The terminationGracePeriodSeconds in the pod spec is the hard ceiling. Kubernetes sends SIGKILL when it expires, regardless of what the process is doing. Always set it larger than preStop sleep + ShutdownTimeout with a few seconds of buffer. If terminationGracePeriodSeconds is shorter than your preStop hook, Kubernetes will kill the pod before the hook finishes — defeating the entire purpose.

IHostApplicationLifetime: Reacting to Shutdown Signals

IHostApplicationLifetime exposes three CancellationToken properties that fire at different points in the application lifetime. Registering callbacks on them lets you flush telemetry, release external leases, notify service registries, or log a structured shutdown event — all before the process exits.

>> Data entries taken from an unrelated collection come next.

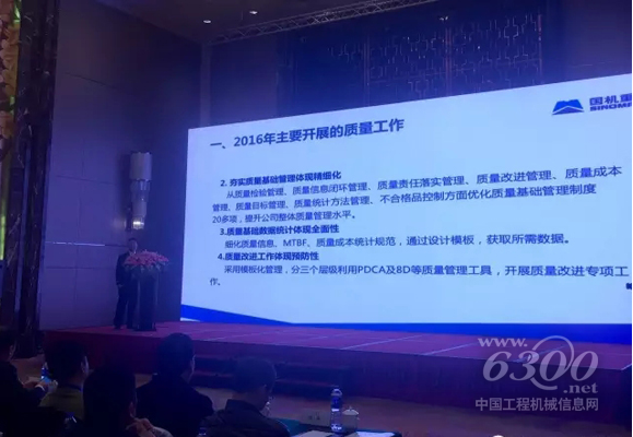 总工程师殷鹏龙以“经典铸就未来,卓越创造价值”为主题,详细介绍了产品的核心价值观,国重常挖将以“打造经典产品”为契机,全面提升产品性能。副总马开庆总结了2016年的质量工作和成果,详细介绍成立“质量问题治理专项小组”的意义、价值及采取的措施,做出了2017年产品的品质承诺。副总杨荣华、总经理助理王剑和质量服务中心副主任朱晓军分别总结了2016年生产、营销和服务工作,并对2017年商务和服务政策进行发布和详细解读。
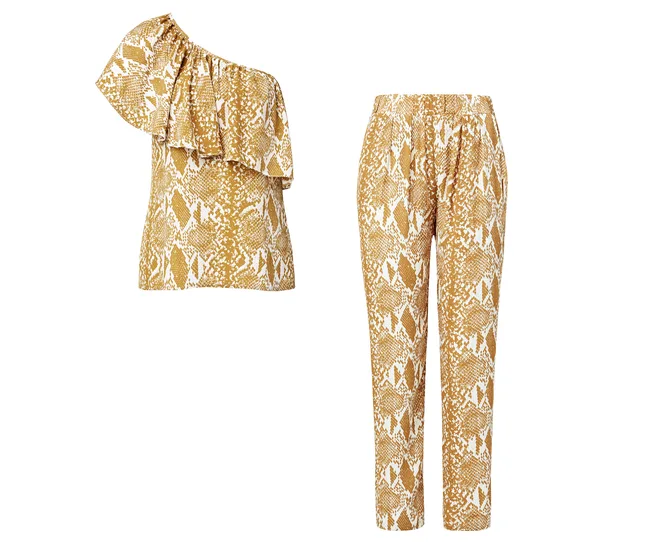 Top, $175, and pants, $140, both from Topshop
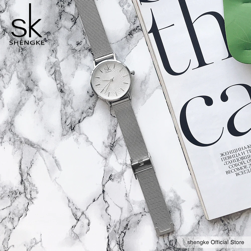 Acheter SK Super Mince Argent Maille En Acier Inoxydable Montres Femmes Top Marque De Luxe Casual Horloge Dames Montre Bracelet Dame Relogio Feminino Pas Cher Prix
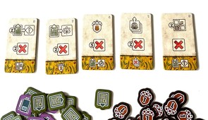 Viszont a kooperatív verziót erőltetettnek éreztem: a szóló módot játszhatjuk úgy, hogy egymást váltogatva kerülünk sorra, és együtt építünk egy közös tablót. Szerintem ez a változat valójában egy játékosra lett kitalálva, és fájdalmasan lett ráerőltetve a kooperatív felállás.
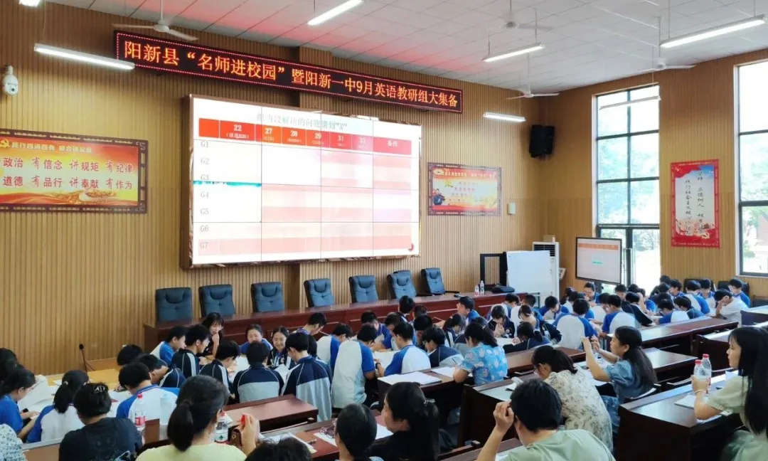 秋风送爽秋意浓,秋收时节硕果丰。为进一步解读新高考,研究新趋势,探讨新路径,助力阳新一中高三英语一轮复习备考,促进英语教学质量提升,9月13日下午,阳新县“名师进校园”暨阳新一中9月英语教研组大集备活动在阳新一中隆重举行。阳新一中副校长徐美姝及阳新各高中学校近百名英语教师参加此次活动。活动由阳新一中英语教研组长余艳主持。
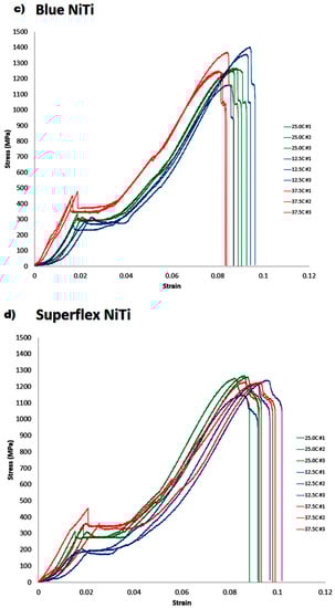 Stress–strain graphs of Stock (a), Gold (b), Blue (c) and Superflex (d) NiTi conducted across 12.5 °C, 25.0 °C, and 37.5 °C.
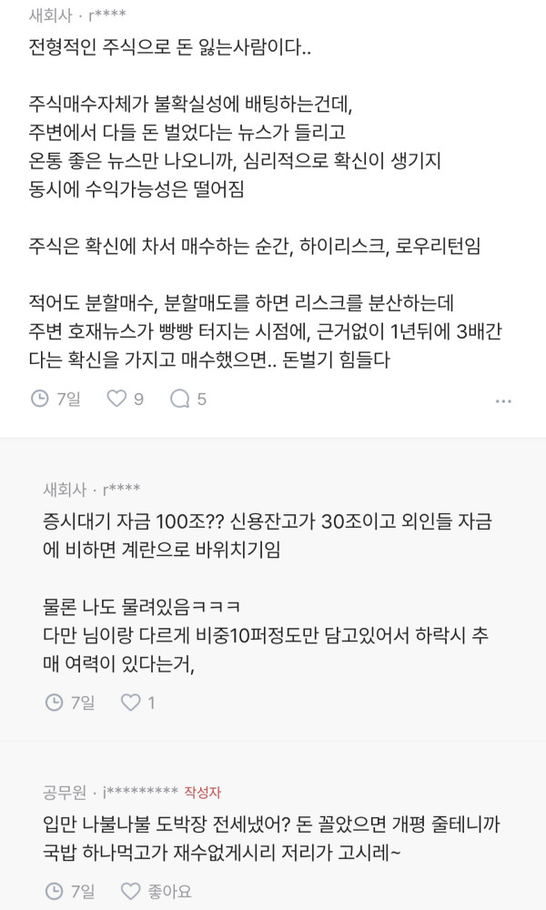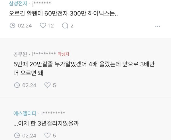 삼전하닉 3억 공무원 블라인드 댓글
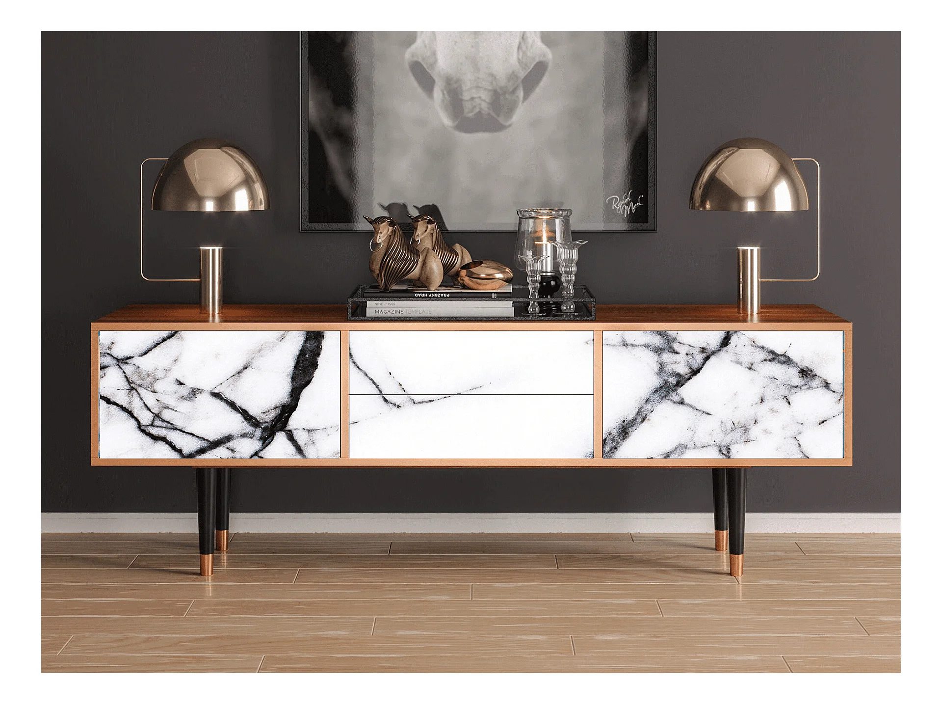 Szafka RTV - 170х59х48 cm - T4 - Raven Marble, Orzech
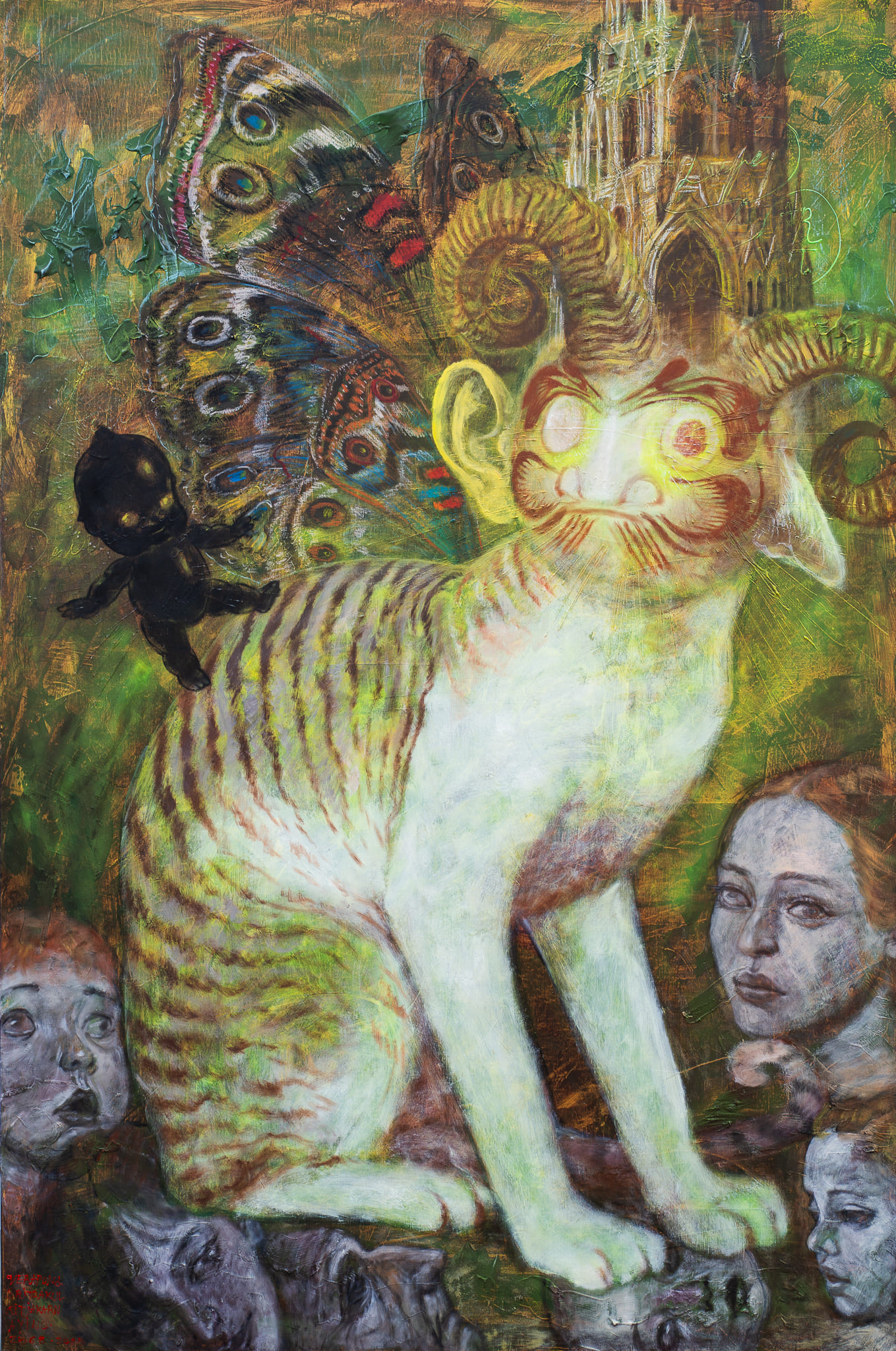 Ayino’s distinctive linework and visual rhythm open a threshold into a suspended, introspective realm. His paintings invite contemplation, offering symbols that unfold differently for each viewer. For the artist, creation becomes
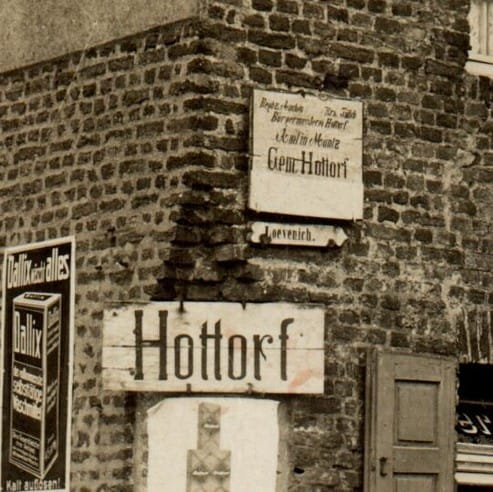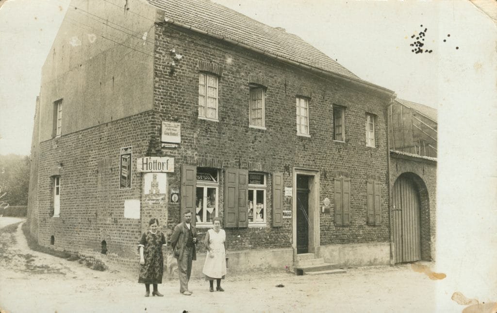 Das Ortsschild befand sich am heutigen Haus Georgstraße 1 direkt gegenüber der Kirche. Das Geschäft „Drogen- und Kolonialwaren von Joseph Lieven“ (weißes Schild links neben der Haustür) war typisch für die 1920er/1930er Jahre in ländlichen Dörfern, wo Kolonialwaren (Kaffee, Gewürze, Tee) und Drogerieartikel verkauft wurden.
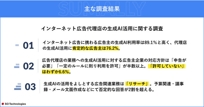 インターネット広告代理店の生成AI活用に関する調査 / SO Technologies
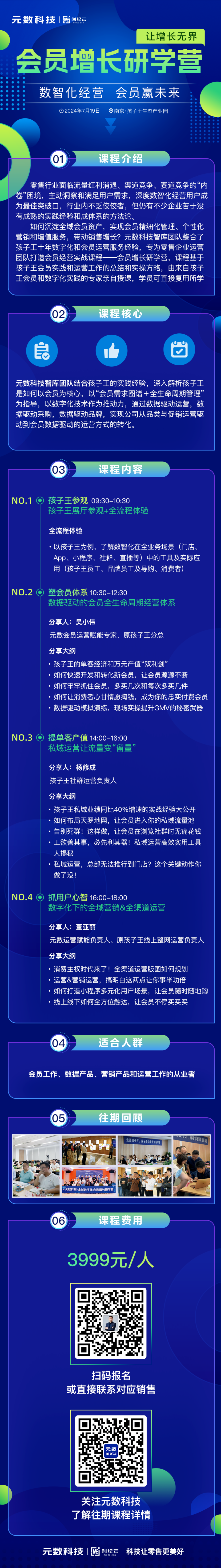 7月19日,“会员增长研学营”将在南京市·孩子王产业园开班,课程时间为1天。想了解更多内容或报名入班,请关注元数Meta公众号,或扫描下图海报二维码咨询报名。
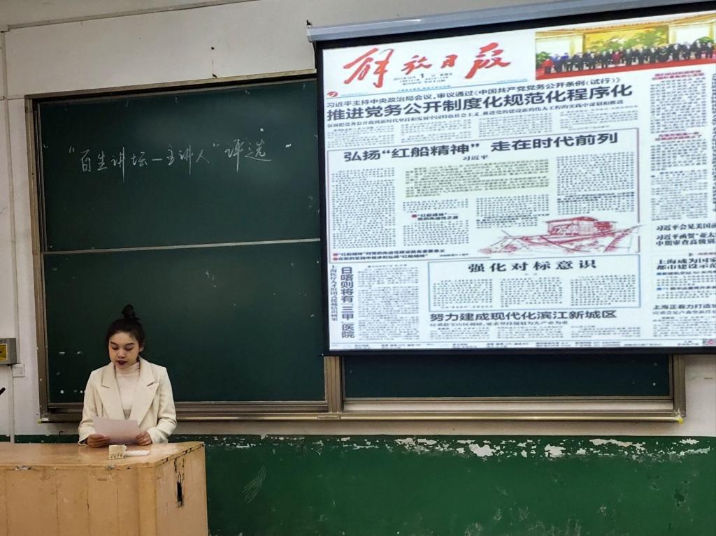 参加比赛的选手风格迥异,他们或慷慨激昂,或声情并茂,不拘一格,各具风采。选手们充分准备,演讲时结合PPT,将自己要表达的情感传达给每一位评委。魏文静选手从奶奶在她小时候讲述的故事入手,以小极大,抒发对党史的感悟;杨岚清选手标准的声线搭配着演讲背景声音牵动着在场每一位的心……
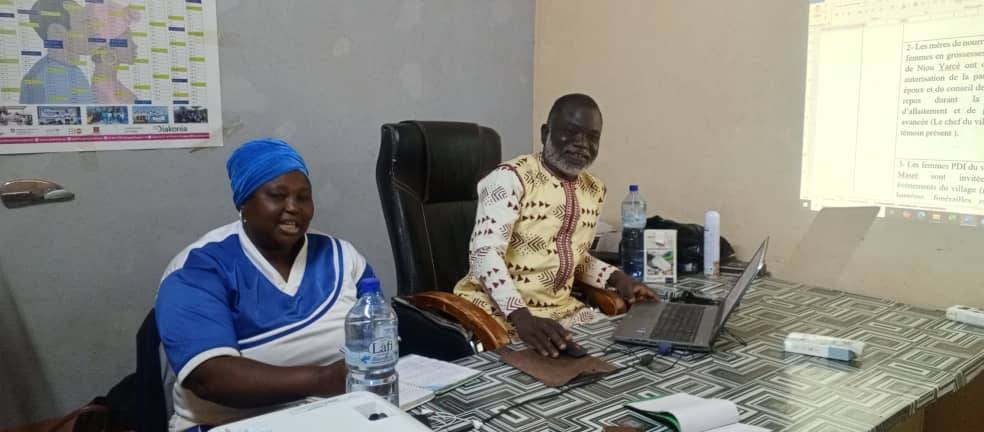 Le directeur exécutif (d) Jean-Baptiste Kaboré et l’animatrice Noélie Ouédraogo (g) lors des travaux
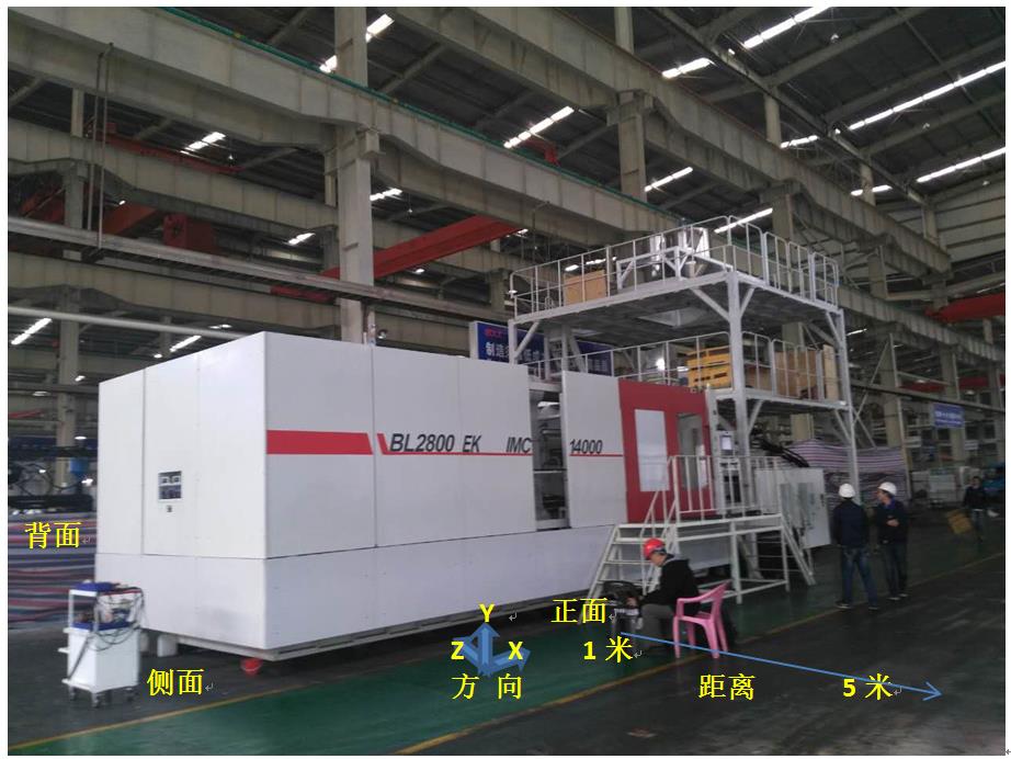 2、 注塑机地面振动测试,确认对其它生产设备的影响,使用S966低频振动分析仪。
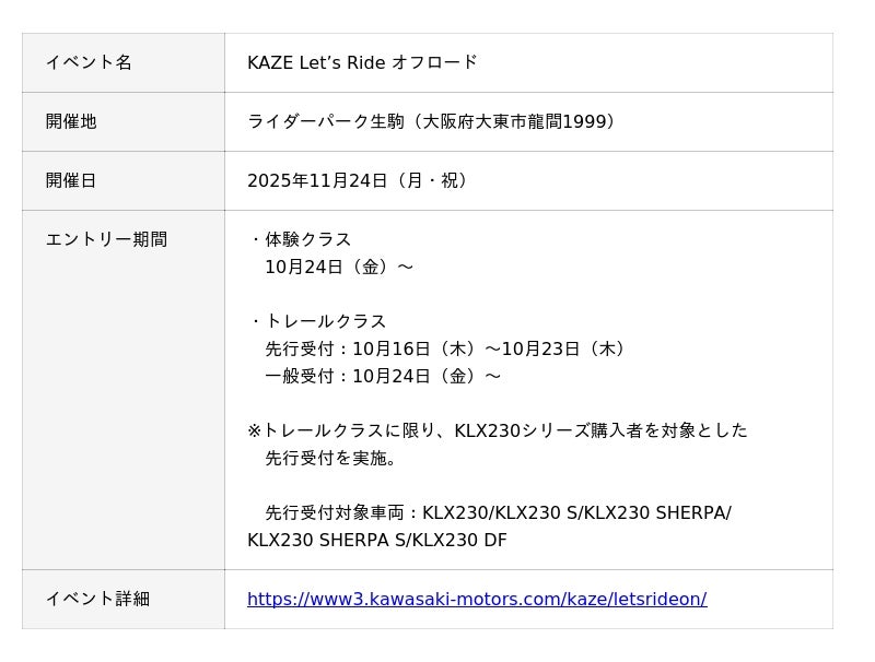 株式会社カワサキモータースジャパン(本社:兵庫県明石市、代表取締役社長:佐伯 健児)は、2025年11月24日(月・祝)にライダーパーク生駒で行われる「KAZE Let’s Ride オフロード」についてお知らせいたします。

Program.cs — IHostApplicationLifetime Callbacks

var app = builder.Build();

// Resolve lifetime after build — safe to use in Program.cs top-level statements
var lifetime = app.Services.GetRequiredService();
var logger   = app.Services.GetRequiredService>();

// ApplicationStarted: fires after the host is fully started and ready for traffic
lifetime.ApplicationStarted.Register(() =>
{
    logger.LogInformation(
        "Application started. Pod ready to serve traffic. PID={Pid}",
        Environment.ProcessId);

    // Example: register with a service discovery system
    // serviceRegistry.RegisterAsync(instanceId, address, port);
});

// ApplicationStopping: fires when shutdown is triggered (SIGTERM received)
// The process is still alive — in-flight requests are still running
// This is the right place to stop accepting new work (e.g., pause a queue consumer)
lifetime.ApplicationStopping.Register(() =>
{
    logger.LogWarning(
        "Shutdown signal received. Draining in-flight requests. " +
        "New requests will be rejected after Kestrel drain completes.");

    // Example: pause a message queue consumer so no new jobs start
    // queueConsumer.PauseAsync();
});

// ApplicationStopped: fires after all hosted services have stopped
// The process is about to exit — safe for final cleanup only
lifetime.ApplicationStopped.Register(() =>
{
    logger.LogInformation(
        "Application stopped. All hosted services completed shutdown.");

    // Example: deregister from service discovery
    // serviceRegistry.DeregisterAsync(instanceId);

    // Example: flush buffered telemetry (OpenTelemetry, AppInsights)
    // telemetryClient.Flush();
    // Thread.Sleep(2000); // give flush time to complete
});

app.Run();

Register callbacks on ApplicationStopping rather than ApplicationStopped for anything that needs to complete before the process exits. By the time ApplicationStopped fires, hosted services have already been told to stop and the shutdown timeout clock is ticking. ApplicationStopping fires first, while there is still time to do meaningful work.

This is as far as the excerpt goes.